◆ Material provided:

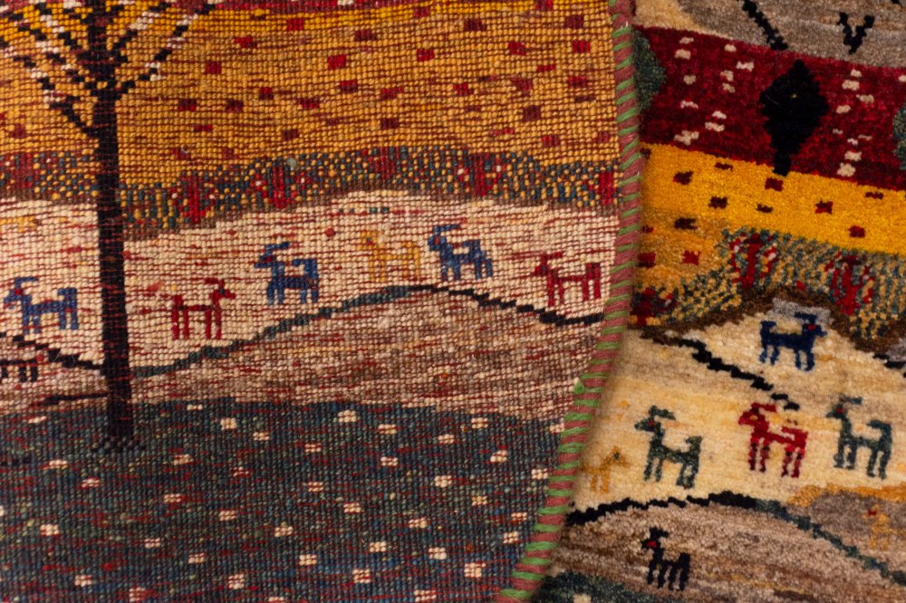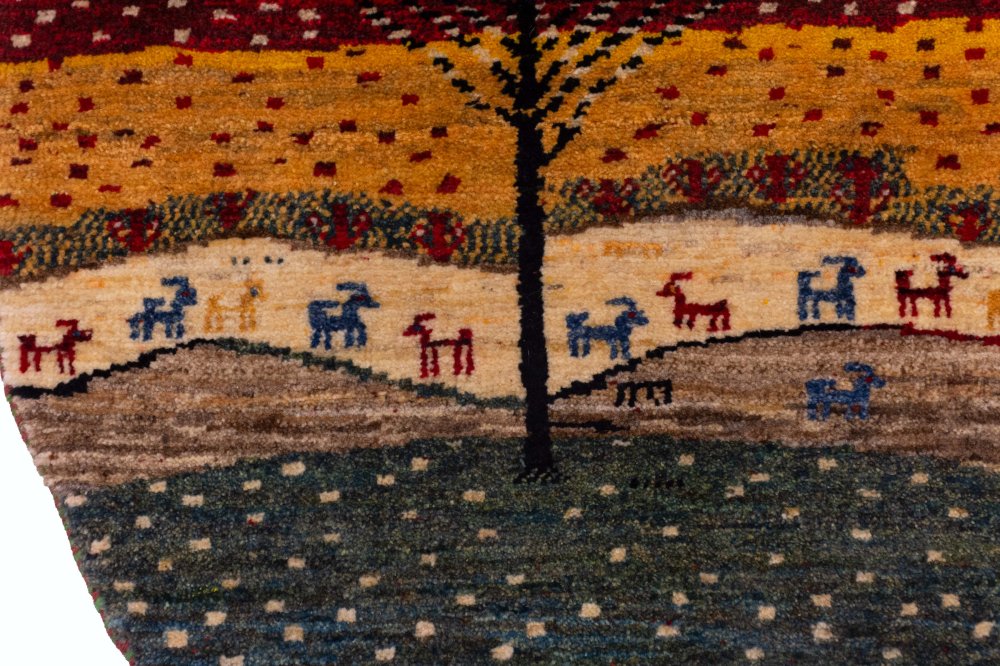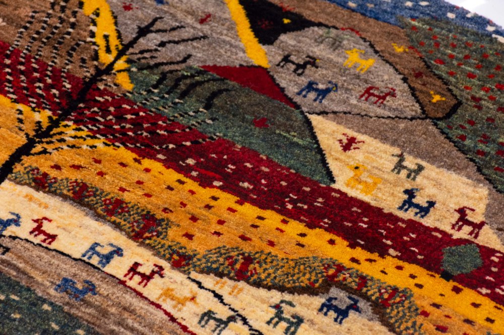 اما شاید چشمگیرترین بخش گبه، درخت بزرگ سمت چپ آن باشد. درختی که با شاخههای گستردهاش، حس زندگی، رشد و تداوم را القا میکند. درخت در فرهنگ ایرانی و در هنر قشقایی، نمادی از حیات و ریشههای محکم در زمین است. حضور این درخت در کنار عناصر دیگر، باعث میشود که گبه تنها یک اثر تزئینی نباشد، بلکه روایتی از زندگی، پیوستگی و امید باشد.
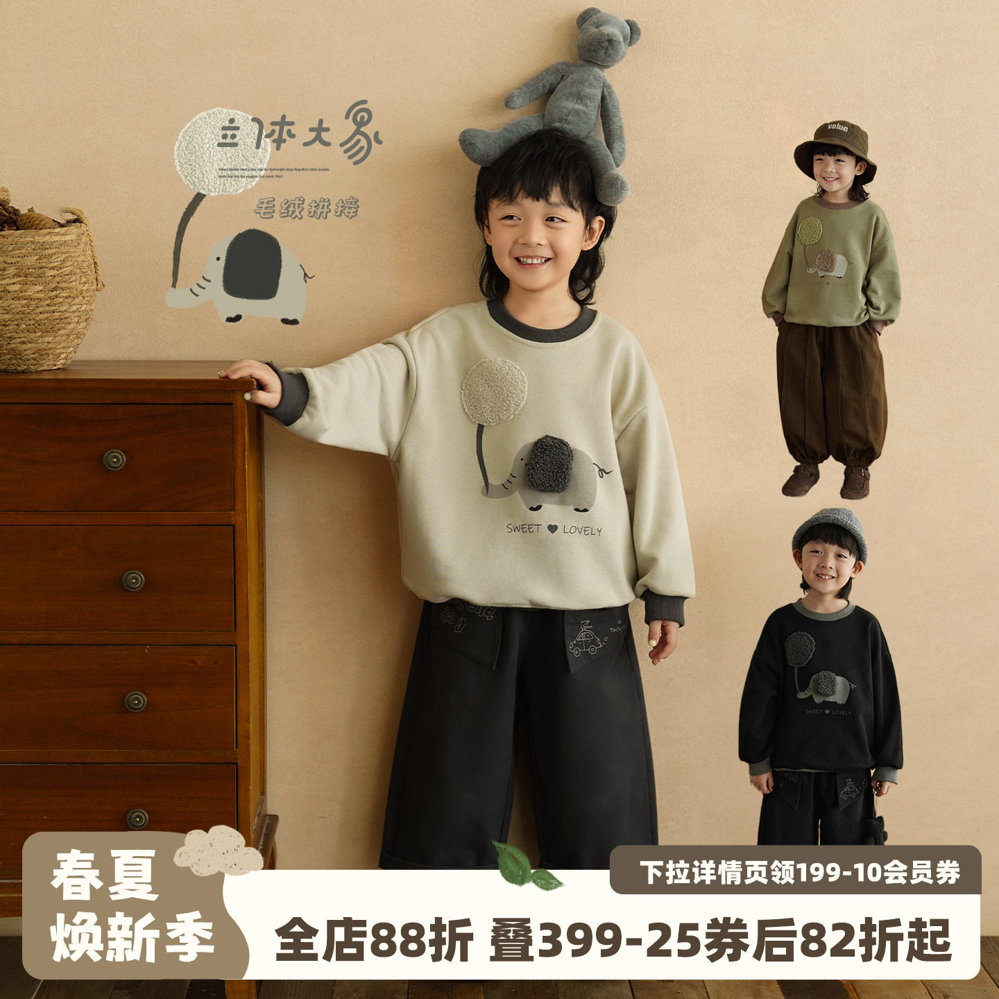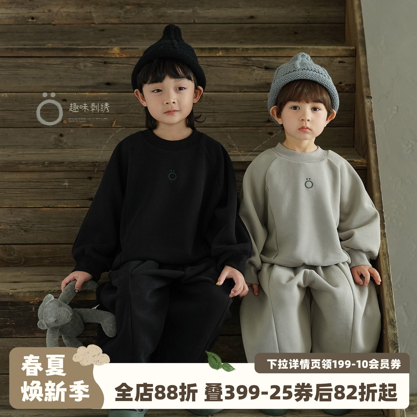 砚台家童装男童卫衣卫裤套装早春宝宝黑色衣服洋气小儿童灰色长袖
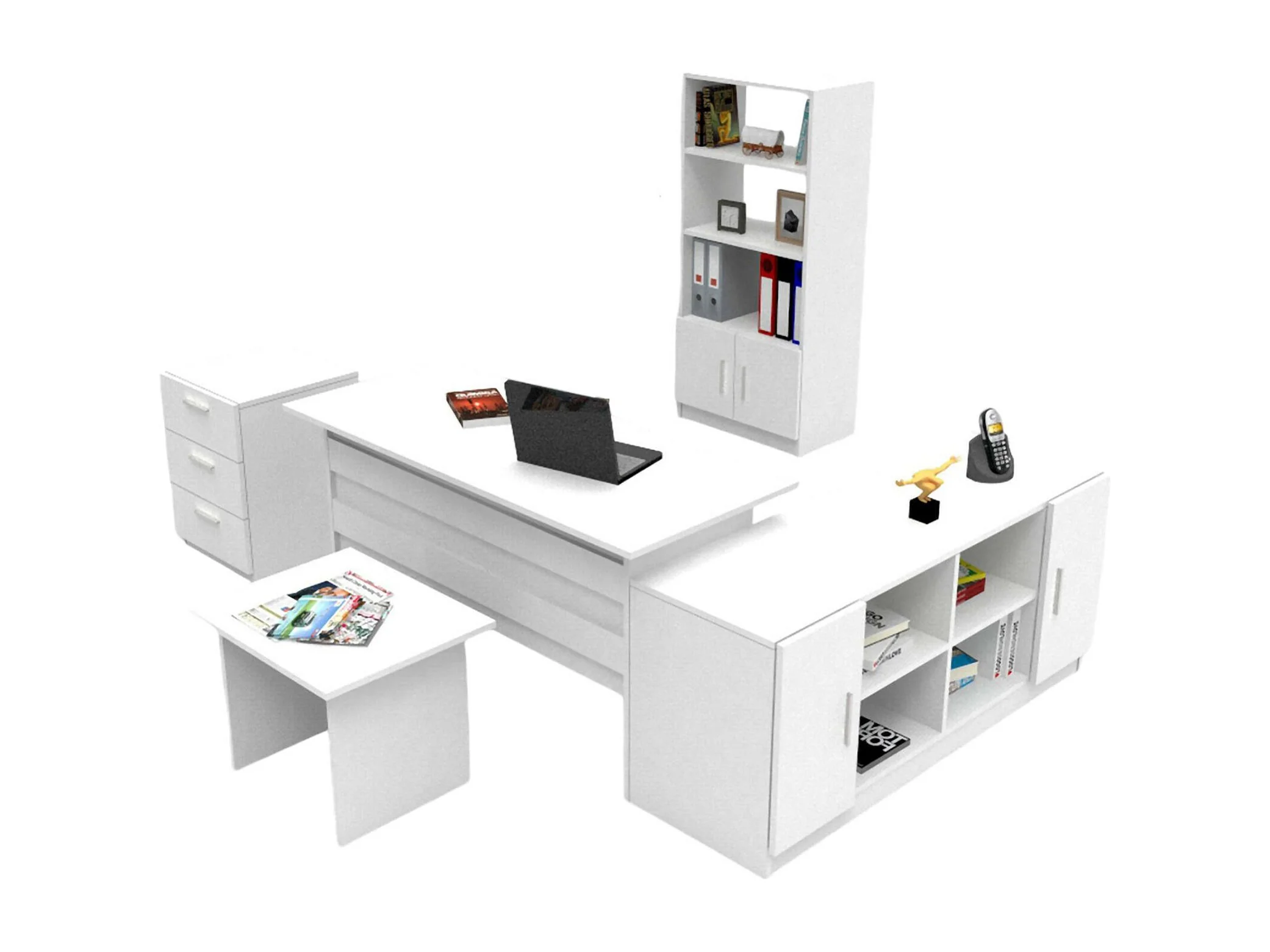 Set de bureau Drasmusse, Composition du studio, Kit de bureau, Ensemble de bureau et de tiroirs, Blanc
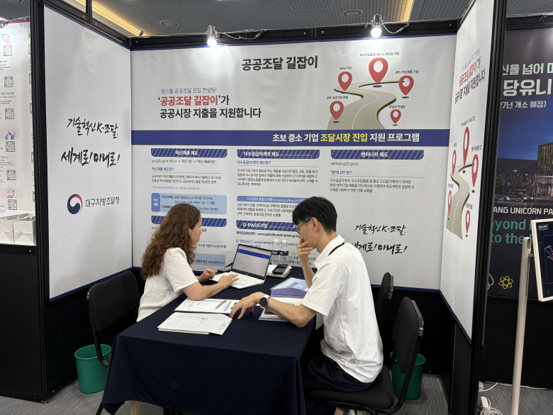 대구지방조달청이 17일과 18일 양일간 열린 ‘2025년 경북 스타트업 투자 매칭데이’ 행사에서 스타트업 기업을 대상으로 공공조달 진입 지원 프로그램을 운영했다.이번 행사에는 경북도와 (재)경북창조경제혁신센터가 주관해 경북 지역 스타트업 118개사가 참여했으며 대구조달청은 ‘공공조달 길잡이’ 제도를 비롯해 벤처나라, 다수공급자계약(MAS), 우수제품, 혁신제품 등 조달시장 진입 제도를 소개했다. 또 입찰참가자격 등록 방법 등 실무 중심 설명회와 1:1 맞춤형 컨설팅을 진행해 호응을 얻었다.‘공공조달 길잡이’는 공공조달에 관심 있는 기업을 발굴해 제도 활용과 시장 진입에 필요한 정보를 원스톱으로 제공하는 제도다.윤경자 대구조달청장은 “스타트업의 성공적인 조달시장 진출이 안정적인 판로 확보로 이어지도록 지속적으로 지원하겠다”며 “앞으로도 맞춤형 컨설팅을 통해 신규 기업들의 공공시장 진입을 적극 돕겠다”고 말했다.
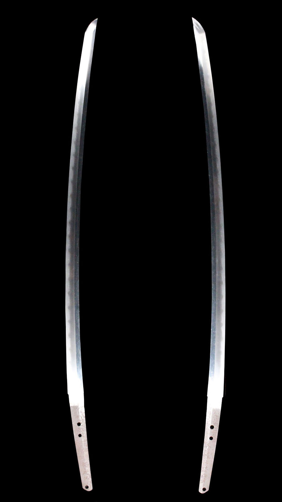 刀身長:約73.6cm 反り:約2cm 目くぎ穴:3個 元幅:約32.3mm 元重:約7mm 先幅:約21.9mm 先重:約4.6mm 刀身重:約791g 棟:庵棟 ハバキ:銅 |
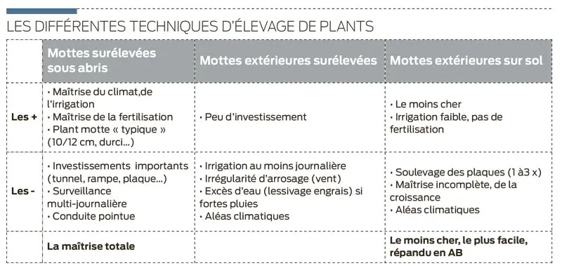 Être producteur de ses plants de choux, une solution efficace pour diminuer ses coûts d’implantation. C’est ce qu’ont pu remarquer des producteurs de légumes lors de deux journées de présentation, dans le cadre des portes ouvertes Innov’Action organisées par la Chambre d’agriculture en juin dernier. « Trois techniques sont utilisées pour élever ses plants : les mottes peuvent être surélevées sous abri, surélevées en extérieur ou enfin en mottes à l’extérieur directement sur le sol », résume Anthony Brulé, conseiller et animateur du comité de développement de la zone légumière de Saint-Pol-de-Léon (29). Chaque technique a ses avantages et ses inconvénients, sachant que la maîtrise est totale lors de l’utilisation d’un abri. C’est aussi la solution la plus pointue techniquement, et les investissements sont plus importants.
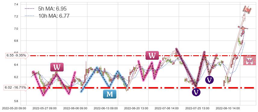 ♞ 5小时均线:6.95,10小时均线:6.77→ 快线>慢线
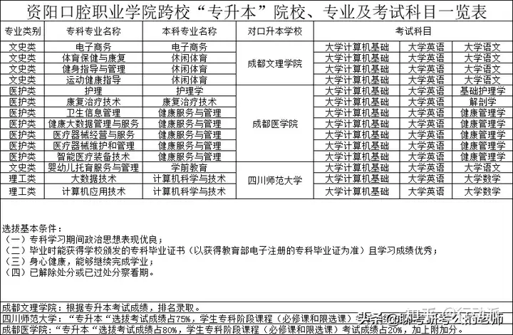资阳口腔职业学校跨校“专升本”院校、专业及考试科目一览表
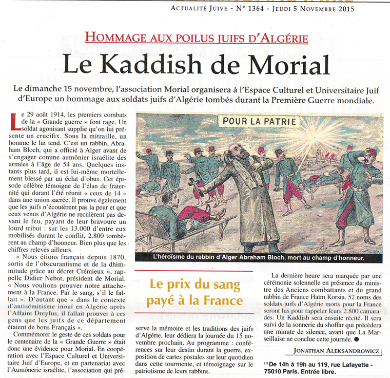 - Dans la presse : sur Actualité Juive du 5 novembre 2015
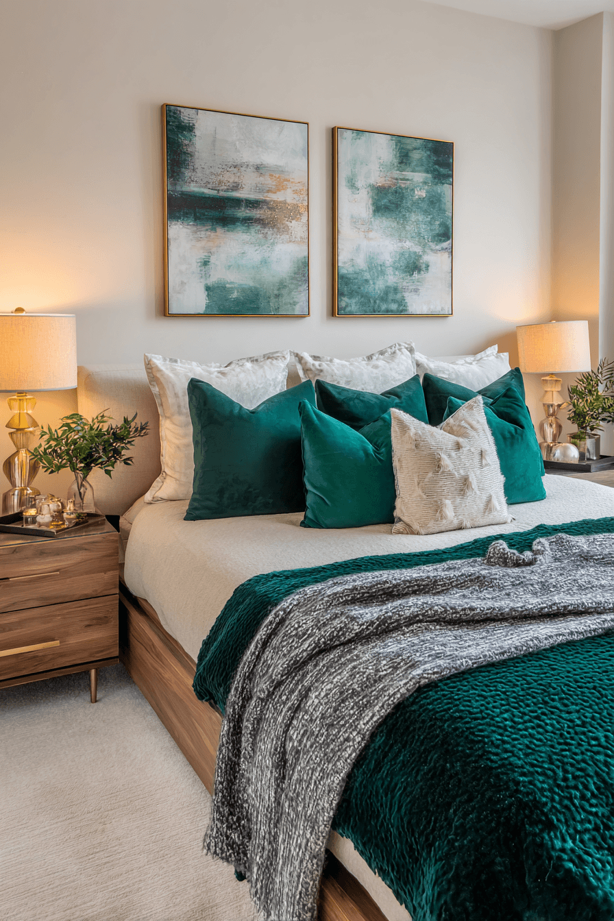 Bold color accents bring life into a modern bedroom interior while maintaining a clean and balanced design. Jewel tones stand out beautifully against neutral backgrounds. Layered textiles add depth and personality. Sleek furniture keeps everything grounded. Coordinated decor ties the palette together. The result feels vibrant and stylish. Experiment with color in your bedroom today!
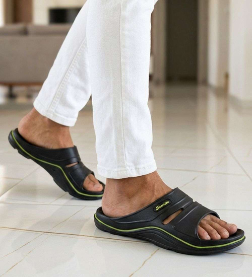 Praktyczne i lekkie- te czarne klapki męskie to niezbędnik każdego aktywnego mężczyzny. Wykończone kontrastującą, zieloną linią, łączą w sobie sportowy design z maksymalną funkcjonalnością. Idealne na basen, plażę czy do ogrodu.
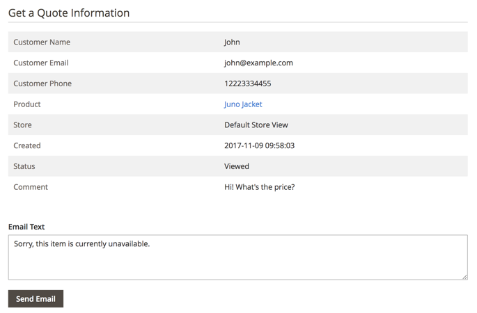 Fill in the Email Text field and hit the Send Email button to send a reply to the request. Hit the Delete button to remove the request.
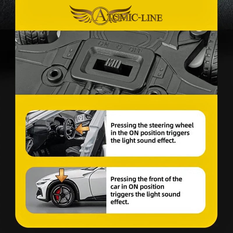 ●ミニカーを机や床に置いて車体フロント上部から押すと、サウンドと共にヘッドライトが点灯します。
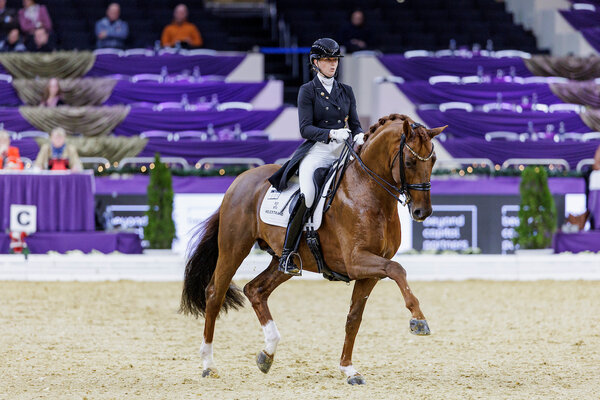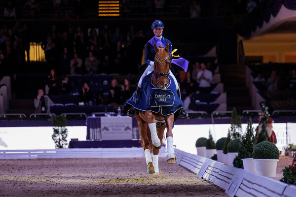 Gleich zum Auftakt der Prüfung überzeugten die beiden mit einer enorm ausdrucksstarken Trabtour, wobei die weit kreuzenden Trabtraversalen sowie die Verstärkungen mit hoher Schubkraft hervorzuheben sind. Auch im Schritt fand Vitalos FRH sofort zur optimalen Losgelassenheit und punktete ebenso mit großem Übertritt. Im Galopp überzeugte Vitalos FRH in den Galopppirouetten mit größter Versammlungsfähigkeit. Teilweise fand er hier noch nicht zur optimalen Losgelassenheit, was aber wahrlich Meckern auf allerhöchsten Niveau war. Dies spiegelte auch das Ergebnis von 74,4 Prozent wider. Schlussendlich reihte sich das Erfolgsduo auf einem bärenstarken dritten Platz ein. Der Sieg ging an Dorothee Schneider mit Maxi Kraft’s Barcelo (76,7 Prozent) (v. Bon Coeur-Caprimond, Z.: Kristine Munch Nielsen) vor Juliane Brunkhorst mit DSP Diamante Negro (v. DeLorean-Fürst Romancier, Z.: ZG Krohn und Dötschel) (75,5 Prozent). Der große Triumph für Leonie Richter und Vitalos FRH folgte dann im Siegerpreis, einer S*-Kür für die besten Drei aus dem Finale. Schon im Vorhinein hatte Leonie Richter geschmunzelt: „Ich freue mich auf die Kür. Vitalos kennt solch eine Atmosphäre von den Hengstvorstellungen“. Und die beiden zelebrierten die S*-Kür am kleinen Finger. Das Frankfurter Publikum feierte sie und „trug“ sie zu einer 9,2, womit sich Leonie Richter gegen Dorothee Schneider mit Maxi Kraft’s Barcelo OLD durchsetzte. Der Finalsieger verlor durch leichte Spannung in der Galopptour ein paar Punkte, beendete die Kür dennoch mit einer tollen 9,1. Juliane Brunkhorst und DSP Diamante Negro folgten mit einer 9,0 auf Rang drei. Alles in allem überzeugten alle drei Damen mit äußerst gefühlvollen Runden. Es war nicht das erste Mal, dass Leonie Richter und Vitalos FRH überzeugten. Schon bei den Weltmeisterschaften der jungen Dressurpferde hatten sich die beiden sowohl bei den fünfjährigen Dressurpferden als auch ein Jahr später bei den sechsjährigen Dressurpferden den Vizetitel gesichert. 2021 hatte Vitalos FRH das Bundeschampionat der vierjährigen Hengste angeführt.
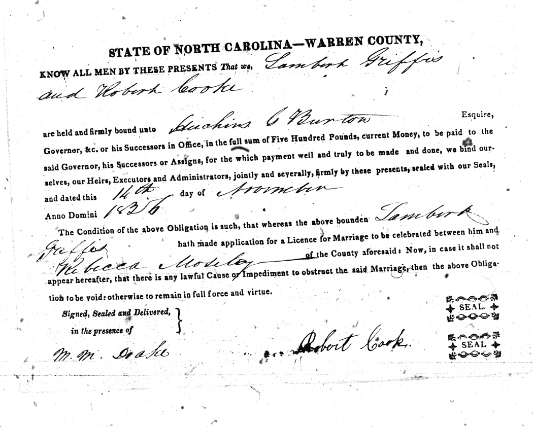 Griffis Lambert Moseley Rebecca 14 Nov 1826   Robert Cooke White

◆ Required action: Each entry above is to be written out exactly. The pictures stay out.

◆ Your solution:
 اما شاید چشمگیرترین بخش گبه، درخت بزرگ سمت چپ آن باشد. درختی که با شاخههای گستردهاش، حس زندگی، رشد و تداوم را القا میکند. درخت در فرهنگ ایرانی و در هنر قشقایی، نمادی از حیات و ریشههای محکم در زمین است. حضور این درخت در کنار عناصر دیگر، باعث میشود که گبه تنها یک اثر تزئینی نباشد، بلکه روایتی از زندگی، پیوستگی و امید باشد.
 砚台家童装男童卫衣卫裤套装早春宝宝黑色衣服洋气小儿童灰色长袖
 Set de bureau Drasmusse, Composition du studio, Kit de bureau, Ensemble de bureau et de tiroirs, Blanc
 대구지방조달청이 17일과 18일 양일간 열린 ‘2025년 경북 스타트업 투자 매칭데이’ 행사에서 스타트업 기업을 대상으로 공공조달 진입 지원 프로그램을 운영했다.이번 행사에는 경북도와 (재)경북창조경제혁신센터가 주관해 경북 지역 스타트업 118개사가 참여했으며 대구조달청은 ‘공공조달 길잡이’ 제도를 비롯해 벤처나라, 다수공급자계약(MAS), 우수제품, 혁신제품 등 조달시장 진입 제도를 소개했다. 또 입찰참가자격 등록 방법 등 실무 중심 설명회와 1:1 맞춤형 컨설팅을 진행해 호응을 얻었다.‘공공조달 길잡이’는 공공조달에 관심 있는 기업을 발굴해 제도 활용과 시장 진입에 필요한 정보를 원스톱으로 제공하는 제도다.윤경자 대구조달청장은 “스타트업의 성공적인 조달시장 진출이 안정적인 판로 확보로 이어지도록 지속적으로 지원하겠다”며 “앞으로도 맞춤형 컨설팅을 통해 신규 기업들의 공공시장 진입을 적극 돕겠다”고 말했다.
 刀身長:約73.6cm 反り:約2cm 目くぎ穴:3個 元幅:約32.3mm 元重:約7mm 先幅:約21.9mm 先重:約4.6mm 刀身重:約791g 棟:庵棟 ハバキ:銅 |
 Être producteur de ses plants de choux, une solution efficace pour diminuer ses coûts d’implantation. C’est ce qu’ont pu remarquer des producteurs de légumes lors de deux journées de présentation, dans le cadre des portes ouvertes Innov’Action organisées par la Chambre d’agriculture en juin dernier. « Trois techniques sont utilisées pour élever ses plants : les mottes peuvent être surélevées sous abri, surélevées en extérieur ou enfin en mottes à l’extérieur directement sur le sol », résume Anthony Brulé, conseiller et animateur du comité de développement de la zone légumière de Saint-Pol-de-Léon (29). Chaque technique a ses avantages et ses inconvénients, sachant que la maîtrise est totale lors de l’utilisation d’un abri. C’est aussi la solution la plus pointue techniquement, et les investissements sont plus importants.
 ♞ 5小时均线:6.95,10小时均线:6.77→ 快线>慢线
资阳口腔职业学校跨校“专升本”院校、专业及考试科目一览表
 - Dans la presse : sur Actualité Juive du 5 novembre 2015
 Bold color accents bring life into a modern bedroom interior while maintaining a clean and balanced design. Jewel tones stand out beautifully against neutral backgrounds. Layered textiles add depth and personality. Sleek furniture keeps everything grounded. Coordinated decor ties the palette together. The result feels vibrant and stylish. Experiment with color in your bedroom today!
 Praktyczne i lekkie- te czarne klapki męskie to niezbędnik każdego aktywnego mężczyzny. Wykończone kontrastującą, zieloną linią, łączą w sobie sportowy design z maksymalną funkcjonalnością. Idealne na basen, plażę czy do ogrodu.
 Fill in the Email Text field and hit the Send Email button to send a reply to the request. Hit the Delete button to remove the request.
 ●ミニカーを机や床に置いて車体フロント上部から押すと、サウンドと共にヘッドライトが点灯します。
 Gleich zum Auftakt der Prüfung überzeugten die beiden mit einer enorm ausdrucksstarken Trabtour, wobei die weit kreuzenden Trabtraversalen sowie die Verstärkungen mit hoher Schubkraft hervorzuheben sind. Auch im Schritt fand Vitalos FRH sofort zur optimalen Losgelassenheit und punktete ebenso mit großem Übertritt. Im Galopp überzeugte Vitalos FRH in den Galopppirouetten mit größter Versammlungsfähigkeit. Teilweise fand er hier noch nicht zur optimalen Losgelassenheit, was aber wahrlich Meckern auf allerhöchsten Niveau war. Dies spiegelte auch das Ergebnis von 74,4 Prozent wider. Schlussendlich reihte sich das Erfolgsduo auf einem bärenstarken dritten Platz ein. Der Sieg ging an Dorothee Schneider mit Maxi Kraft’s Barcelo (76,7 Prozent) (v. Bon Coeur-Caprimond, Z.: Kristine Munch Nielsen) vor Juliane Brunkhorst mit DSP Diamante Negro (v. DeLorean-Fürst Romancier, Z.: ZG Krohn und Dötschel) (75,5 Prozent). Der große Triumph für Leonie Richter und Vitalos FRH folgte dann im Siegerpreis, einer S*-Kür für die besten Drei aus dem Finale. Schon im Vorhinein hatte Leonie Richter geschmunzelt: „Ich freue mich auf die Kür. Vitalos kennt solch eine Atmosphäre von den Hengstvorstellungen“. Und die beiden zelebrierten die S*-Kür am kleinen Finger. Das Frankfurter Publikum feierte sie und „trug“ sie zu einer 9,2, womit sich Leonie Richter gegen Dorothee Schneider mit Maxi Kraft’s Barcelo OLD durchsetzte. Der Finalsieger verlor durch leichte Spannung in der Galopptour ein paar Punkte, beendete die Kür dennoch mit einer tollen 9,1. Juliane Brunkhorst und DSP Diamante Negro folgten mit einer 9,0 auf Rang drei. Alles in allem überzeugten alle drei Damen mit äußerst gefühlvollen Runden. Es war nicht das erste Mal, dass Leonie Richter und Vitalos FRH überzeugten. Schon bei den Weltmeisterschaften der jungen Dressurpferde hatten sich die beiden sowohl bei den fünfjährigen Dressurpferden als auch ein Jahr später bei den sechsjährigen Dressurpferden den Vizetitel gesichert. 2021 hatte Vitalos FRH das Bundeschampionat der vierjährigen Hengste angeführt.
 Griffis Lambert Moseley Rebecca 14 Nov 1826   Robert Cooke White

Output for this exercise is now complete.